Karl-Johan Grinnemo

My research primarily considers transport-level solutions for IP-based applications with soft real-time requirements in both data communication and telecommunication networks. Currently, I am involved in two research projects, an EU COST action, and a Knowledge Foundation research profile: A six year project, ”Research Environment for Advancing Low Latency Internet” (READY); a three-year project, ”A New, Evolutive API and Transport-Layer Architecture for the Internet” (NEAT); the ICT COST action IC1304, ”Autonomous Control for Reliable Internet of Services (ACROSS); and the research profile, ”High Quality Networked Services in a Mobile World” (HITS).

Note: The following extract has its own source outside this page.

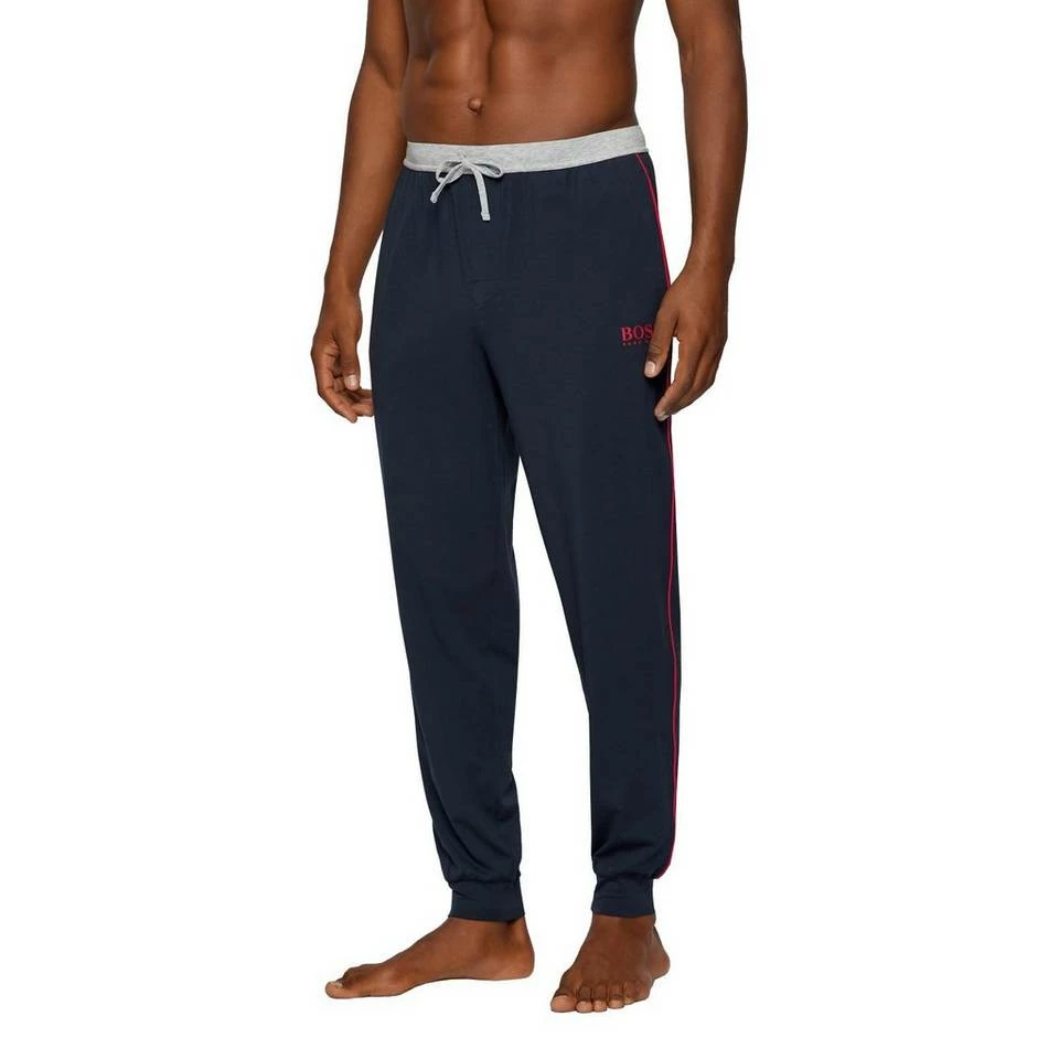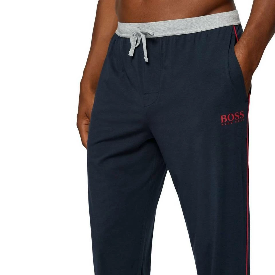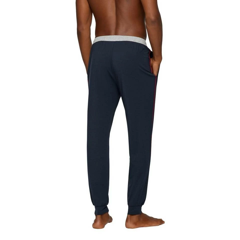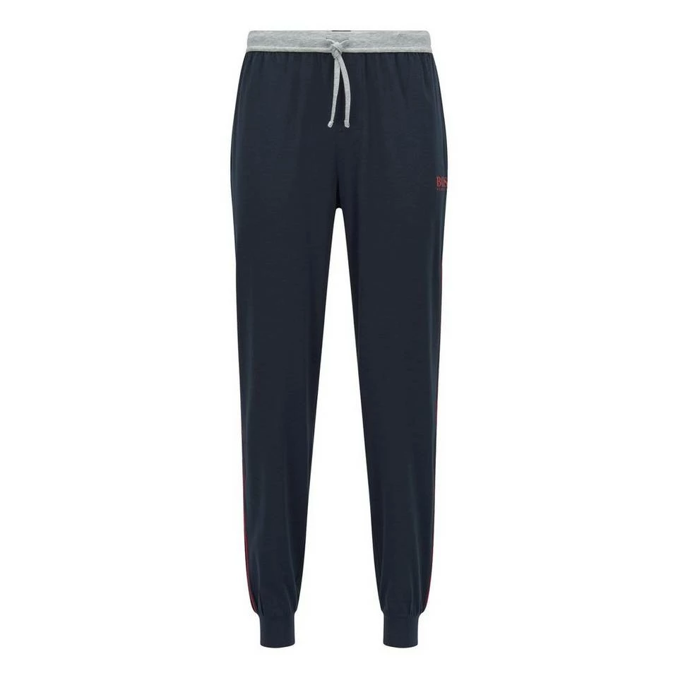 Die bequeme Loungewear Pants ist aus einem weichen, leichten Baumwollmischgewebe gefertigt und überzeugt mit einem ausgezeichneten Tragegefühl. Der Bund ist mit einem praktischen Kordelzug ausgestattet und bietet so ein angenehmes Tragegefühl. Die elastischen Bündchen an den Beinen und die rote Paspel verleihen der Homewear Hose einen sportlichen Touch. Abgerundet wird das Design durch die lässigen Seitentaschen. Ein charakteristisches BOSS Logo verleiht dem komfortablen Style den letzten Schliff. Zuhause auf dem Sofa bist du mit der Jogginghose von HUGO BOSS immer optimal gekleidet!

The READY project aims to ameliorate the latency characteristics of IP applications in general, but with a particular focus on applications in the media, telecom, and industrial automation industries. Latency has in recent years become a key issue for the continued success of Internet, and its expansion into novel application areas such as cloud services. My research involves finding ways of using multiple network paths and Multipath TCP (MPTCP) to reduce the latency between cloud data centers and end-user mobile devices. An initial study, in which traffic from three typical cloud applications were studied, Netflix, Google Maps, and Google Docs, suggested that significant latency reductions could indeed be possible through the use of MPTCP, and then particularly for high-intensity video traffic such as Netflix. Still, MPTCP only to some extent addresses latency, and thus I find it reasonable to think that further latency reductions for latency-sensitive flows are feasible provided MPTCP is extended with latency-aware path management and/or -selection schemes.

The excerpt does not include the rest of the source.